Pay It Forward: You can also tell planters to pay it forward. In other words, when you give them money, you can ask them to commit to continually giving a percentage of their budget into church planting. This would be something that the leadership of their church would direct and lead, rather than a centrally controlled fund by the network or the mother church.

This keeps churches relationally connected with their church plants and deeply vested in their success. Where the money goes, that’s where the heart goes, too. Churches that directly fund other churches develop a heart connection.

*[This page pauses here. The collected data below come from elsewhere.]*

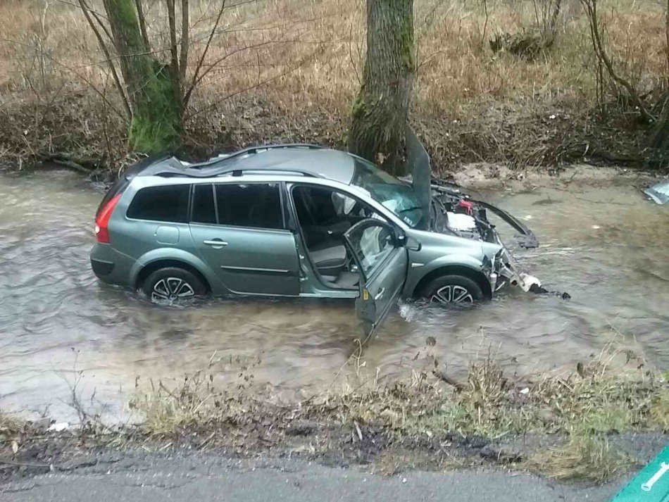 Galéria k článku Auto skončilo v Domanižanke: Na pomoc museli prísť hasiči, FOTO
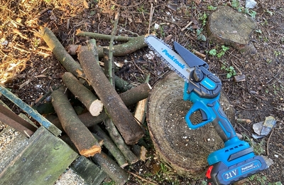 ちょいと早いですが サンタさんからのプレゼント頂きました。 とっても欲しかったミニチェーンソーです。 子犬サイズですね。 なのでこのミニチェンソー、 「ポチタ」と名付けました。「チェンソーマン」の🐶 木こりの息子さんが伐採した木を焚き火用に短く切るだけだからお手軽な値段のでとりまいいか。 木こりのおじさんのチェンソーは RYOBI リョービのお高いやつでした。電動ドリルはマキタだったな。 プロフェ…
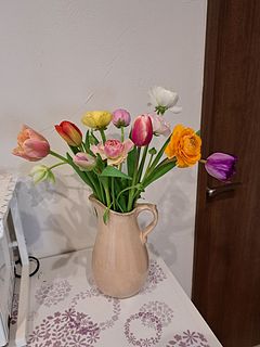 この時期、暖かいリビングですぐに終わってしまわないように玄関と洗面所に飾っています。 どちらも1日のスタートとゴールに時間を過ごす家の場所なので良く飾ります。気持ちがいいです。 今回はチューリップとラナンキュラス分けて飾りました。どちらも可愛らしい色合いでとても気に入っています。
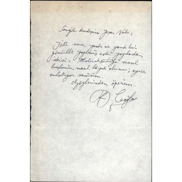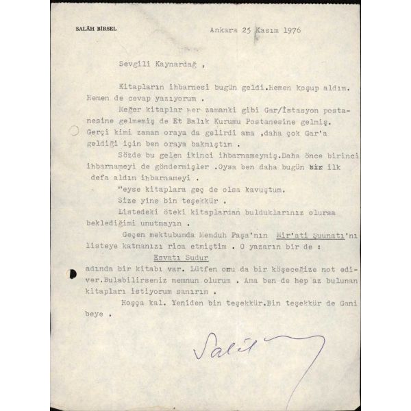 Türk ve dünya edebiyatının zengin ayrıntılarıyla işlediği denemeleriyle "edebiyatın karakutusu" unvanını sonuna kada hak eden şair ve yazar Salah Birsel´in (1919 - 1999), inanılmaz ölçüde geniş birikiminin nasıl oluştuğunu gösteren küçük bir örnek... Yazar, Sahaf Arslan Kaynardağ´a kendisine gönderdiği kitaplar için teşekkür ediyor ve yeni kitaplar sipariş ediyor.
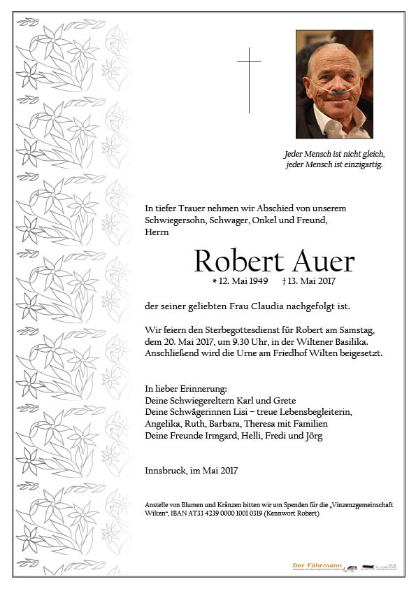 Auer Robert 12.05.1949 13.05.2017 Innsbruck Beisetzungs-Ort: Friedhof Wilten Parte Gedenkkerzen Kondolenzen Parte downloaden Gedenkkerzen für Auer Robert 16 Einträge Kerze anzünden fzfcqiihfi zodawzqahg qceklhzkcx vxyboauowr bgrcfralvy Wolfgang Köck Ein Lichtgruß in die E w i g k e i t für Dich *HERTA* Ein Lichtgruß für Dich + Claudia in lieber Ernnerung *HERTA* In lieber Erinnerung an Dich + Deine liebe Claudia *HERTA* Ruhe in Frieden In lieber Erinnerung *HERTA SCHAPLER-GEIGER* Juen Gertrud Das ewige Licht leuchte ihm! R.I.P.! Ein Engel an deine Seite hans jäger telfs eine gute Überfahrt – Bestattung DER FÄHRMANN Eine Kerze für Auer Robert Ihr Name* Ihre Nachricht oder Name* E-Mail-Adresse* Mit dem Klicken auf "Kerze anzünden" erklären Sie sich mit unseren Datenschutzbestimmungen einverstanden. Kondolenzbuch für Auer Robert 0 Einträge Kondolenz verfassen Ihr Abschiedsgruß an Auer Robert Ihr Name* E-Mail-Adresse* Ihre Nachricht* Mit dem Klicken auf "Gruß absenden" erklären Sie sich mit unseren Datenschutzbestimmungen einverstanden. Auer Robert 12.05.1949 – 13.05.2017 Parte Gedenkkerzen Kondolenzen Kerze anzünden Kondolenz verfassen
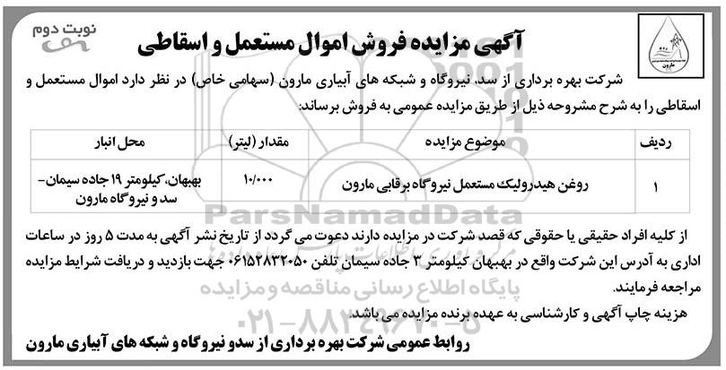 شرکت بهره برداری از سد، نیروگاه و شبکه های آبیاری مارون (سهامی خاص) در نظر دارد اموال مستعمل و اسقاطی را به شرح مشروحه ذیل از طریق مزایده عمومی به فروش برساند:

Funding is a sacrifice, especially for a church plant. But the benefit of funding new churches as a budding church is the DNA that it instills. Remember, whatever is measured is accomplished, and whatever narrative is celebrated or mourned shapes the culture. So the sacrifice of money will reap far greater-reaching rewards in shaping a multiplication culture.

6. Be Born Pregnant

Imagine if every church plant you sent out was born pregnant? What if, in every church planting prospectus, church planters outlined their plan for planting their first daughter church? This can be a plan for recruitment, filling the residency in the formation stage, or setting aside resources to draw planters in. The most important factor in this idea is simply having a plan. For example, on the very first Sunday at Grace Church—the church I (Ed) most recently planted—we announced that 100 percent of our very first offering was going to go to our daughter church plant. This is what essentially shaped our DNA from the beginning. And when we planted, that’s what we did. Subsequently, we’ve sent out two of our leaders and elders to plant churches—one in Nashville and one internationally. The seeds at the beginning of a church and a movement determine so much of the outcome.

7. Open More Lanes

In addition to developing a traditional path to assess, train, fund, and coach church planters (your residency program), you need to open other lanes in order to plant 1,000 churches in your lifetime. For example, what’s the path to plant for bi-vocational planters? Your training needs to be adaptable enough for the 20-something-year-old barista steaming drinks for rent money, as well as the 65-year-old retired individual who has his financial freedom, but has received a call from God to plant. It needs to be layered so that a bi-vocational family-man can be trained in the same system as a full-time, newly married resident. Maybe it would take longer, but a graduated, inclusive program will train a wider array of people. What about planting a church among immigrants? Or what about planting house churches outside the edge of town? The training must work in multiple cultures, socioeconomic categories, and geographic locations. In other words, don’t make the mistake of only funding and training one type of church planter. Your default tendency will be to reproduce yourself and your unique style of ministry. This is who will initially be attracted to you. But realize that reproducing yourself alone will not lead you to planting 1,000 churches.

What If Everyone Leaves?

People in your church are going to be nervous. They’re going to say, “Now, wait a second. If we send people out, won’t our church decline?” Statistically, the most likely scenario is that it won’t. Jeff Farmer (researcher and professor at New Orleans Baptist Theological Seminary) did a comparison study of 75 churches and found that churches who planted, when controlling for other factors of similar size and passion, actually grew. When you send people out to plant, others will show up and step into leadership roles.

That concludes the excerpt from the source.